### [RECORDS FOR THE TASK]
__________

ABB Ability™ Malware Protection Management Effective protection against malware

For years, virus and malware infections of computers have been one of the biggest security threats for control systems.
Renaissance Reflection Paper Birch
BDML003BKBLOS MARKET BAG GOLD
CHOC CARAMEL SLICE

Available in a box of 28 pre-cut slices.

__________

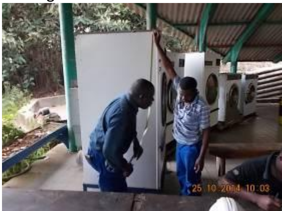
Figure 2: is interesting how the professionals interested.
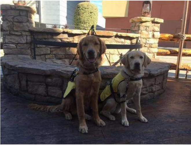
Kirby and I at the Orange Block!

__________

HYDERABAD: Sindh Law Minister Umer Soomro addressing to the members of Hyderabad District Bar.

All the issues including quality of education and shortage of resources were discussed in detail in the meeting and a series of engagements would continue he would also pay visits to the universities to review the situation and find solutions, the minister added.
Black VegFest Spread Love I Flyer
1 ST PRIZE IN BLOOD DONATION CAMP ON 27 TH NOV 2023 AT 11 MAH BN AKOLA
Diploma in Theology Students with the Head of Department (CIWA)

__________

Go to the line with "ABB Ability™ Malware" in the entries above and repeat every line from there through the line with "Available in a box of 28 pre-cut slices.", exactly and with no other text.

### [SOLUTION FOR THIS TASK]
ABB Ability™ Malware Protection Management Effective protection against malware

For years, virus and malware infections of computers have been one of the biggest security threats for control systems.
Renaissance Reflection Paper Birch
BDML003BKBLOS MARKET BAG GOLD
CHOC CARAMEL SLICE

Available in a box of 28 pre-cut slices.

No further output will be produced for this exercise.